You can always remember the Vary
HTTP header. However, it doesn't specify to what extent the changes are inside the document. In other words, is it only different content-types or completely different documents? I think this is a little under-defined as well.
I don't think keeping seperate documents for different languages is optimal. You are then loosing out on the benifits of automatic content negotiation.
Not at all, how would you loose these advantages? You could still use content negotiation even if you have multiple separate documents.
Sorry, I think I didn't express myself propperly. What I meant by different documents was actually different file names. Coming back again to rather using querystrings.
You misunderstand the concept. Google will give you the localized version, but it will have a permanent location as well, allowing you to choose for the English version as well.
What I was suggesting was something like this:
http://www.google.com/?language=af
http://www.google.com/?language=en
Therefore, every language does have a different location, but if you type in http://www.google.com
it will be left up to content negotiation.
I think the only question that still exists, is that should different translations of one document each be seen as a document on its own? If they are seen as separate documents, giving each a separate filename is probably best. Otherwise, use querystrings.
For example, many content management systems abuse querystrings by serving completely different documents depending on querystring parameters. I think this also probably has to do with URI semantics and abuse of it.

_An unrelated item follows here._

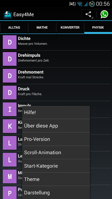 80+ menu points / functions: every class with some variables that can be calculated

But then, these things aren't propperly defined either (as far as I know).
And that is exactly the reason one should use different files, using something like name.language.type for files. Since we are talking about different documents here. The English version is different from the Dutch one and Atom has different semantics compared to XHTML.

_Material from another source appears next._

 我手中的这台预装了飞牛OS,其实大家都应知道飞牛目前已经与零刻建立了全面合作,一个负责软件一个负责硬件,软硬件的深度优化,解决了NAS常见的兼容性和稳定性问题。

I think different translations are separate documents. Google does form a sort of exception/shady area here because except for a few little details (Google search
in English as opposed to Google zoeken
in Dutch) the page is 99% the same after entering a search term.

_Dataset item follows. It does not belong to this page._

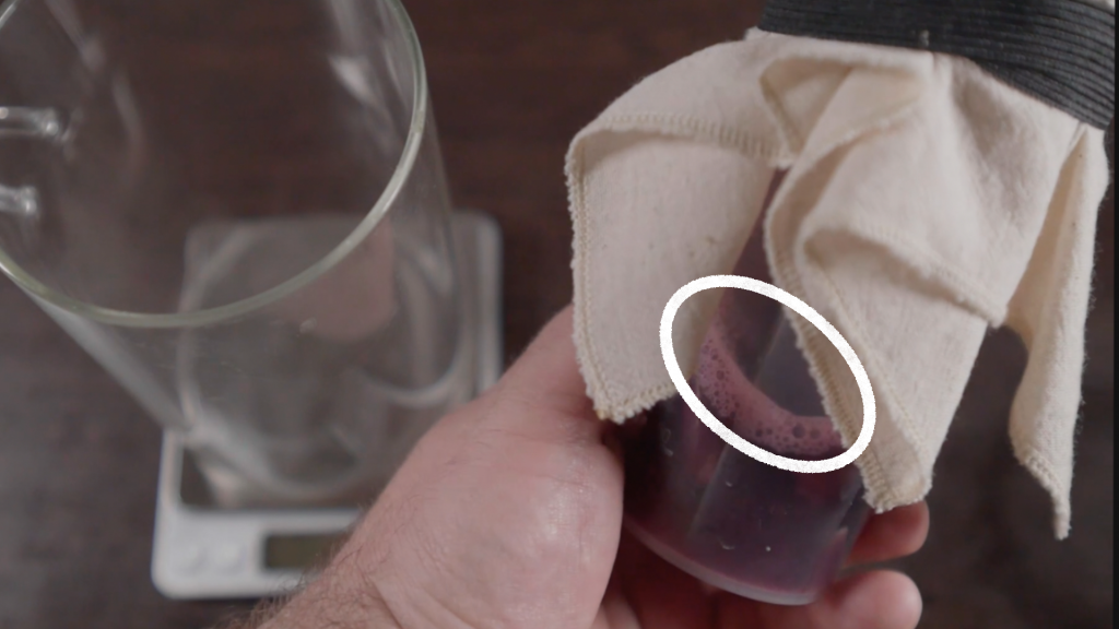 Виноград растолочь затем добавить воду и оставить в условиях цеха на 48 часов, до того момента как забродит. Запах приятный сладковатый, есть звуки газации. Признаки брожения на фото:

Frenzie, please see the example I posted in the entry (from Google), I don't call that the same page.
And that is exactly the reason one should use different files, using something like name.language.type for files.
Ok, I see your point. I agree.
Anne, it's my fault, I had the window open for a about an hour before I returned to it again and pressed post. It's a bit stupid, because a lot of people could have posted in between.
I just noticed a remarkable difference between Google English and Google Dutch, just check this:
Results 1 - 10 of about 6,010,000 for zoek. (0.23 seconds)
Resultaten 1 - 10 van circa 6,190,000 voor zoek (0.16 seconden)
Looking at the results it also appears that Google Dutch automatically searches for Dutch results, even though I didn't tell it to do so (zoeken in pagina's in het Nederlands
was off).
The Zeitgeist is of course very different, but I would have expected the search results to be the same except for some language specific details (search, images and such) if entering the same search query. I was wrong. Of course there is a need for different versions in the way you stated, but I don't think that takes away that it would have been a sort of shadow area - would the results be the same, which they are not. Therefore, it's not a shadow area and the need for two different locations is much more clear.
I would have expected the search results to be the same except for some language specific details (search, images and such) if entering the same search query.
Though this is getting a bit off-topic: Google's various versions not only differ language-wise but also content-wise. Google removes pages from their index as required by local law, which leads to the indexes available to users of a specific language-version (whether they are from that country or not) being of different sizes.